**Task goal**
If a record below holds a picture, drop the picture and copy everything else exactly.

**Exercise inputs**
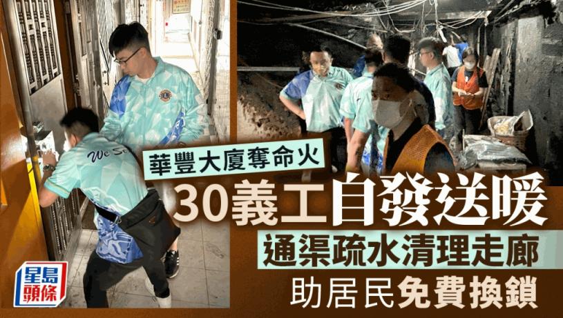 佐敦華豐大廈周三(10日)發生5死40傷的三級大火,一、二樓火場曝光,現場走廊嚴重熏黑,浸着污水,頹垣敗瓦,滿目瘡痍,天井雜物亦告焚毀,居民飽受痛失家園之苦,重建家園亦是漫長道路。有不少民間團體雪中送炭,自發性今日到災區現場,協助居民解決燃眉之急。其中家居維修義工協會及獅子會義工,登樓檢視災後情況。協會會長陳先生表示,暫接獲約20宗求助,大多為長者或行動不便不能上樓的住戶,協會義工會為他們免費換鎖,或進行簡單的家居維修。
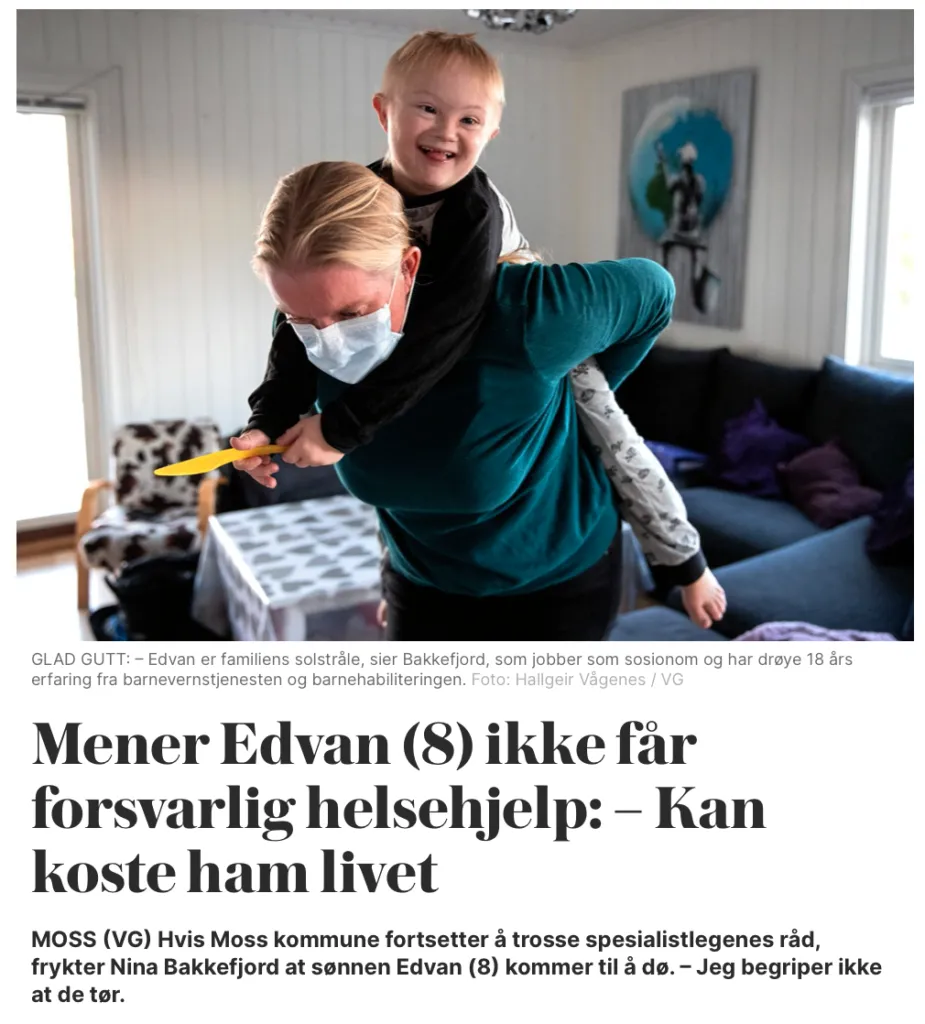 Kommunene kan veldig ofte ikke levere forsvarlige nok helsetjenester til de alvorligst syke barna og utsetter dem dermed for livsfare! Når pleiepengekvoten tar slutt er det nettopp her regjeringen mener vi skal overlate barna våre. I denne saken er det urovekkende at hverken kommunen eller Fylkesmannen setter en stopper for den livsfarlige praksisen de driver overfor Nina Bakkefjords lille Edvan! At kommunen ikke anser feil de gjør – feil som kunne tatt livet av Edvan på få minutter – som soleklare avvik er helt hinsides all fornuft, og viser bare at det er fullstendig mangel på faglig innsikt i Moss kommune. Det skal og kan ikke være mulig å overprøve spesialisthelsetjenestens anbefalinger!
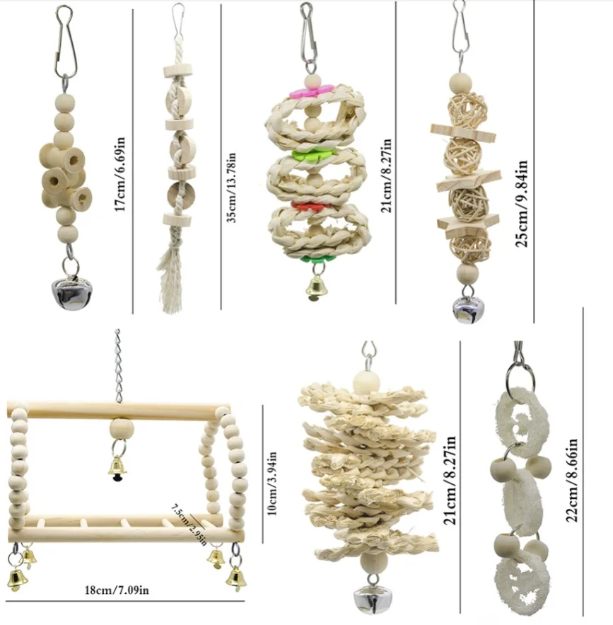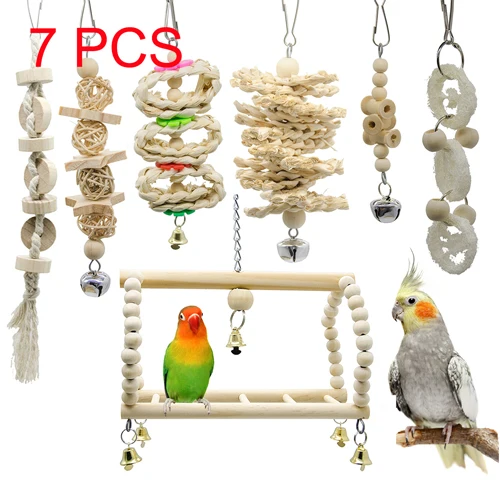 Травмированный тюнг 7 шт Птицы Игрушки для попугая игрушки и аксессуары Перч первичный цвет parkiet speelgoed jouet perroquet
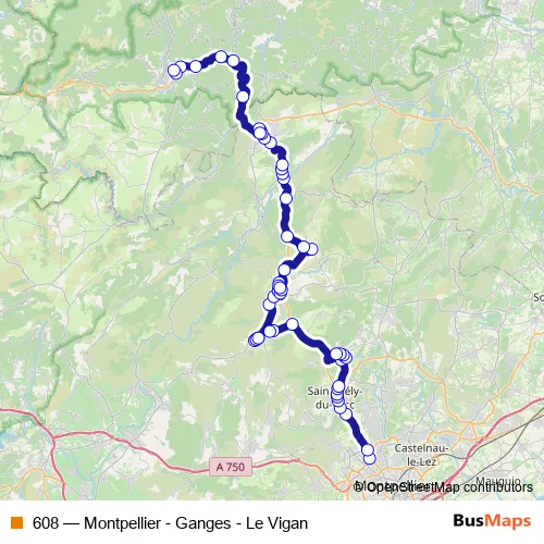 Click here to view the nearest 608 - Montpellier - Ganges - Le Vigan bus stop.
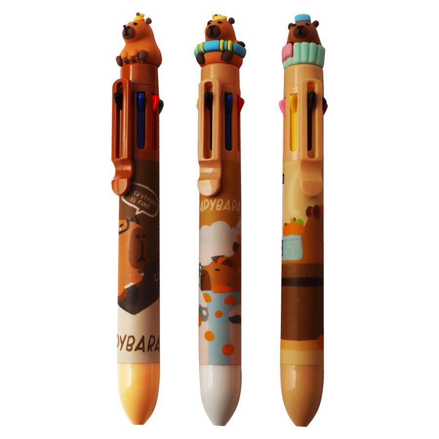 Ручка шариковая автоматическая 8 в 1 подарочная "deVENTE. Capybara" с декоративным элементом, d=0,7 мм, 8-ми цветная, ультра гладкое письмо, чернила на масляной основе, сменный стержень, индивидуальная маркировка, в картонном дисплее, ассорти 3 дизайна
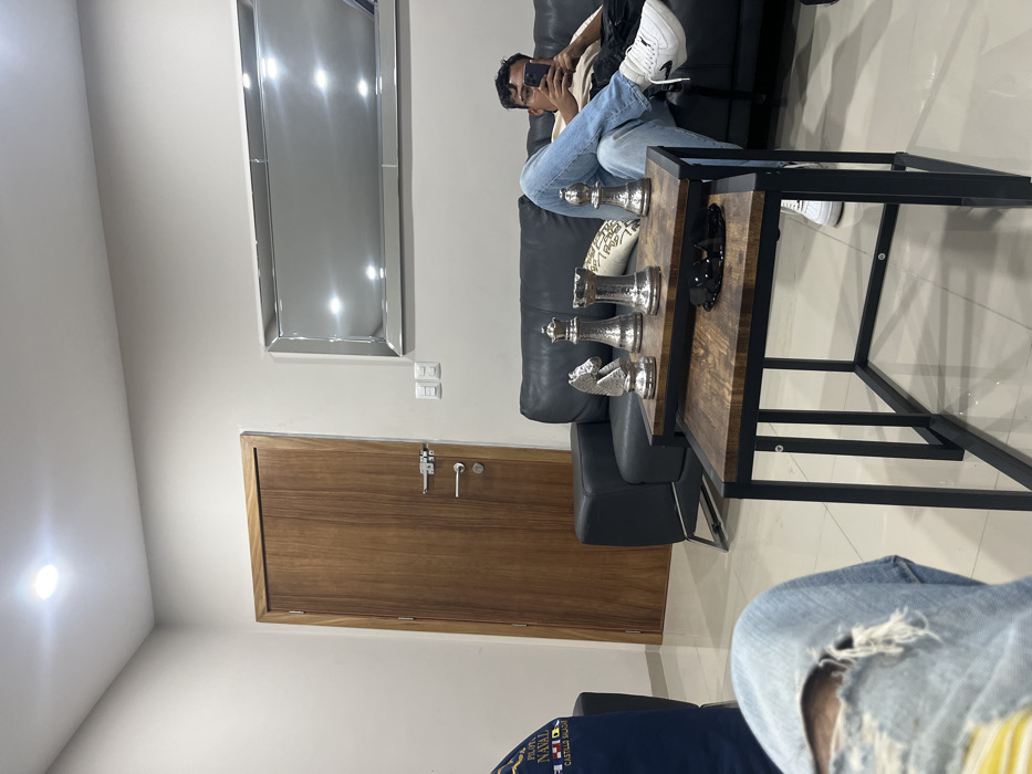 An indoor scene in Veracruz, Mexico, depicts a modern living area. The room features light-colored walls and a light-tiled floor. A wooden door with a silver handle and deadbolt is visible on the left wall. Above a dark-colored, possibly leather, sofa on the right, a large, rectangular mirror with a reflective, beveled frame is mounted. Two white electrical outlets/switches are located on the wall between the door and the mirror. In the foreground, the lower body of one individual is partially visible on the left, wearing light blue ripped jeans, a dark blue shirt with "PILOTA NAVAL" text, and a yellow and white striped garment underneath. On the right, a male individual is seated on the dark sofa, leaning back with his legs extended. He is wearing a light-colored t-shirt, light blue ripped jeans, and white Nike athletic shoes. He wears eyeglasses and is actively looking at and holding a dark-colored smartphone with both hands. A black backpack is partially visible behind him on the sofa. In front of the sofa, two nesting tables with dark metal frames and distressed wooden tops are present. On the top table, four large, decorative, silver-colored chess pieces (knight, queen, rook, bishop) are arranged. A dark dish, possibly containing sunglasses, is also on the top table. A light-colored, patterned throw pillow is visible on the sofa behind the nesting tables. The ceiling features recessed lighting.
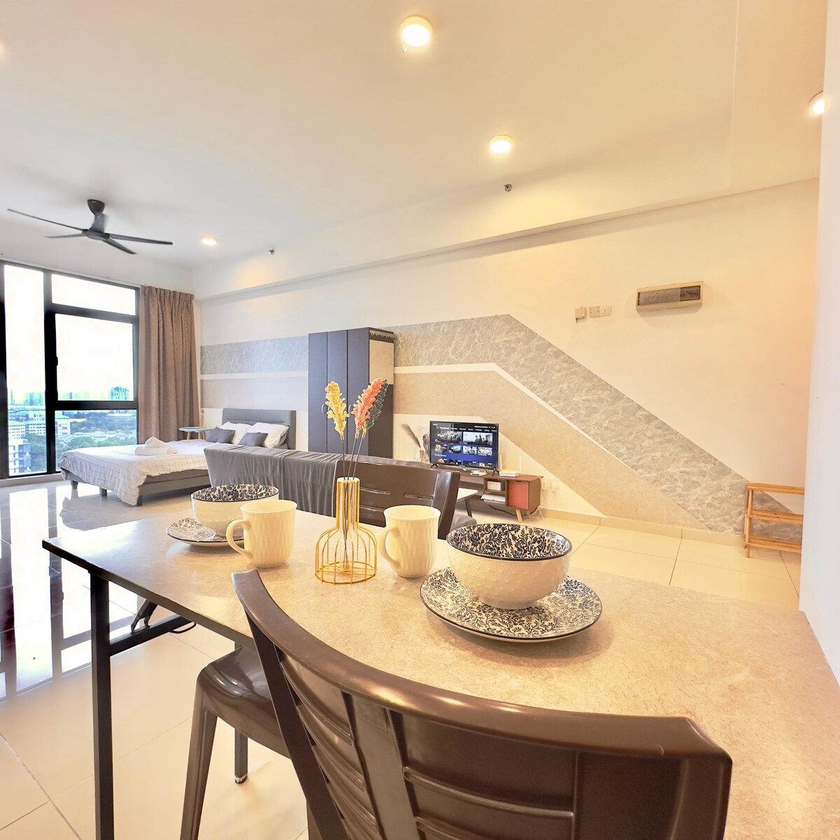 Explora nuestro acogedor estudio, que puede alojar de 2 a 3 personas con una cama tamaño queen y un sofá cama. A solo 15 minutos en coche de KLIA T1/T2, el lugar está rodeado de muchos restaurantes, sucursales de comida rápida, tiendas de comestibles y lavanderías, todo a poca distancia a pie. Disfruta de todas las comodidades, incluido el parque infantil, la zona de barbacoa, el gimnasio y la piscina, con seguridad las 24 horas, 7 días a la semana. * No disponible para dejar el equipaje antes de las horas de llegada. Debido al diseño del edificio, es necesario subir 10 escalones para llegar al ascensor.
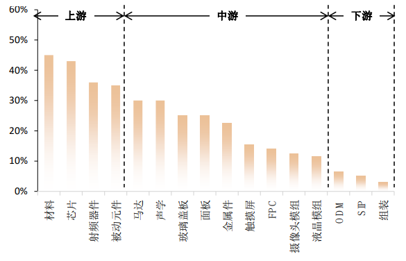 手机供应链中,大陆厂商早期从中游环节切入。手机产业链可以分为上游材料和芯片、中游零组件及下游组装代工环节。大陆厂商早期从马达、声学、玻璃盖板、面板等毛利率较高的零部件切入,目前已在中游零部件环节占据重要地位,电声、结构件及光学等工序已经出现龙头企业。而后大陆厂商通过向产业链下游进行纵向延伸。一方面切入下游组装有利于厂商获取品牌客户的零部件订单,另一方面通过垂直整合可以提升厂商整体利润水平和全方案的竞争力。
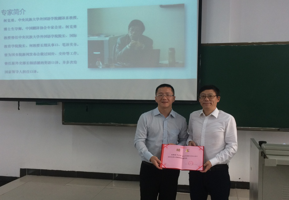 旅游公司王永强副经理代表公司对何克勇教授的到来表示热烈的欢迎和衷心的感谢,向同学们介绍了何克勇教授以及公司冬季小学期和“英美文化专题概貌”课程的情况,指出国际化人才首先应当充分了解西方文化,鼓励应外系的同学们好好把握此次难得学习机会,利用好优质教学资源,认真学习英美文化概貌课程,不断提升自身综合素质与社会实践能力。最后,王永强副经理代表公司向何克勇教授颁发了beats365唯一官方网站冬季小学期“外聘专家”聘书。
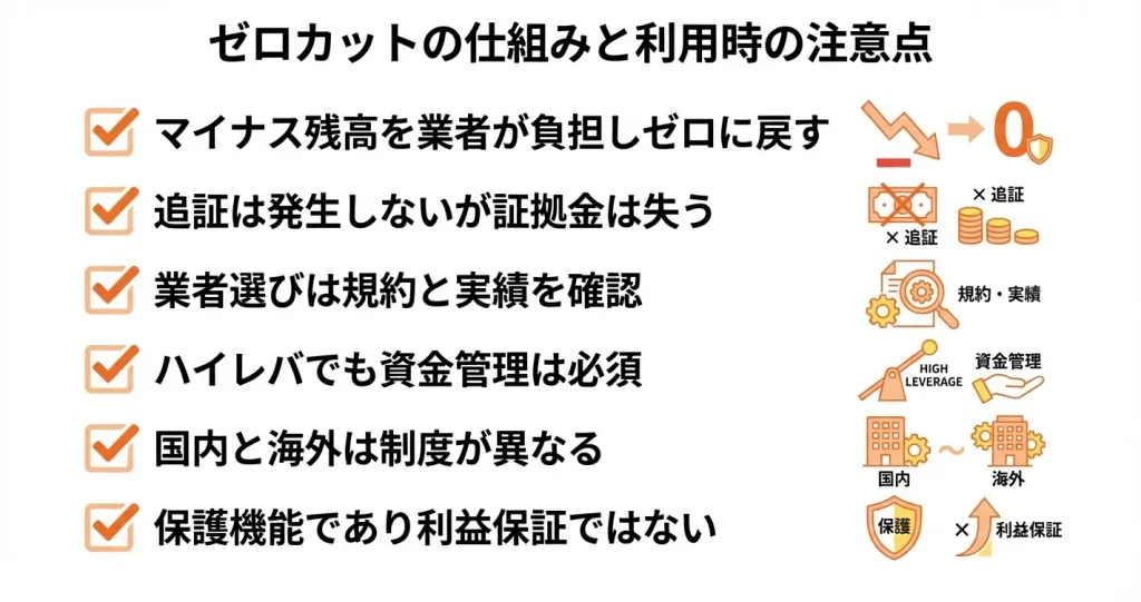 ゼロカットは「最悪の事態で追証請求を防ぐ最終的な保護機能」として捉え、日常的な資金管理を優先することが重要です。

**Your response**
 佐敦華豐大廈周三(10日)發生5死40傷的三級大火,一、二樓火場曝光,現場走廊嚴重熏黑,浸着污水,頹垣敗瓦,滿目瘡痍,天井雜物亦告焚毀,居民飽受痛失家園之苦,重建家園亦是漫長道路。有不少民間團體雪中送炭,自發性今日到災區現場,協助居民解決燃眉之急。其中家居維修義工協會及獅子會義工,登樓檢視災後情況。協會會長陳先生表示,暫接獲約20宗求助,大多為長者或行動不便不能上樓的住戶,協會義工會為他們免費換鎖,或進行簡單的家居維修。
 Kommunene kan veldig ofte ikke levere forsvarlige nok helsetjenester til de alvorligst syke barna og utsetter dem dermed for livsfare! Når pleiepengekvoten tar slutt er det nettopp her regjeringen mener vi skal overlate barna våre. I denne saken er det urovekkende at hverken kommunen eller Fylkesmannen setter en stopper for den livsfarlige praksisen de driver overfor Nina Bakkefjords lille Edvan! At kommunen ikke anser feil de gjør – feil som kunne tatt livet av Edvan på få minutter – som soleklare avvik er helt hinsides all fornuft, og viser bare at det er fullstendig mangel på faglig innsikt i Moss kommune. Det skal og kan ikke være mulig å overprøve spesialisthelsetjenestens anbefalinger!
 Травмированный тюнг 7 шт Птицы Игрушки для попугая игрушки и аксессуары Перч первичный цвет parkiet speelgoed jouet perroquet
 Click here to view the nearest 608 - Montpellier - Ganges - Le Vigan bus stop.
 Ручка шариковая автоматическая 8 в 1 подарочная "deVENTE. Capybara" с декоративным элементом, d=0,7 мм, 8-ми цветная, ультра гладкое письмо, чернила на масляной основе, сменный стержень, индивидуальная маркировка, в картонном дисплее, ассорти 3 дизайна
 An indoor scene in Veracruz, Mexico, depicts a modern living area. The room features light-colored walls and a light-tiled floor. A wooden door with a silver handle and deadbolt is visible on the left wall. Above a dark-colored, possibly leather, sofa on the right, a large, rectangular mirror with a reflective, beveled frame is mounted. Two white electrical outlets/switches are located on the wall between the door and the mirror. In the foreground, the lower body of one individual is partially visible on the left, wearing light blue ripped jeans, a dark blue shirt with "PILOTA NAVAL" text, and a yellow and white striped garment underneath. On the right, a male individual is seated on the dark sofa, leaning back with his legs extended. He is wearing a light-colored t-shirt, light blue ripped jeans, and white Nike athletic shoes. He wears eyeglasses and is actively looking at and holding a dark-colored smartphone with both hands. A black backpack is partially visible behind him on the sofa. In front of the sofa, two nesting tables with dark metal frames and distressed wooden tops are present. On the top table, four large, decorative, silver-colored chess pieces (knight, queen, rook, bishop) are arranged. A dark dish, possibly containing sunglasses, is also on the top table. A light-colored, patterned throw pillow is visible on the sofa behind the nesting tables. The ceiling features recessed lighting.
 Explora nuestro acogedor estudio, que puede alojar de 2 a 3 personas con una cama tamaño queen y un sofá cama. A solo 15 minutos en coche de KLIA T1/T2, el lugar está rodeado de muchos restaurantes, sucursales de comida rápida, tiendas de comestibles y lavanderías, todo a poca distancia a pie. Disfruta de todas las comodidades, incluido el parque infantil, la zona de barbacoa, el gimnasio y la piscina, con seguridad las 24 horas, 7 días a la semana. * No disponible para dejar el equipaje antes de las horas de llegada. Debido al diseño del edificio, es necesario subir 10 escalones para llegar al ascensor.
 手机供应链中,大陆厂商早期从中游环节切入。手机产业链可以分为上游材料和芯片、中游零组件及下游组装代工环节。大陆厂商早期从马达、声学、玻璃盖板、面板等毛利率较高的零部件切入,目前已在中游零部件环节占据重要地位,电声、结构件及光学等工序已经出现龙头企业。而后大陆厂商通过向产业链下游进行纵向延伸。一方面切入下游组装有利于厂商获取品牌客户的零部件订单,另一方面通过垂直整合可以提升厂商整体利润水平和全方案的竞争力。
 旅游公司王永强副经理代表公司对何克勇教授的到来表示热烈的欢迎和衷心的感谢,向同学们介绍了何克勇教授以及公司冬季小学期和“英美文化专题概貌”课程的情况,指出国际化人才首先应当充分了解西方文化,鼓励应外系的同学们好好把握此次难得学习机会,利用好优质教学资源,认真学习英美文化概貌课程,不断提升自身综合素质与社会实践能力。最后,王永强副经理代表公司向何克勇教授颁发了beats365唯一官方网站冬季小学期“外聘专家”聘书。
 ゼロカットは「最悪の事態で追証請求を防ぐ最終的な保護機能」として捉え、日常的な資金管理を優先することが重要です。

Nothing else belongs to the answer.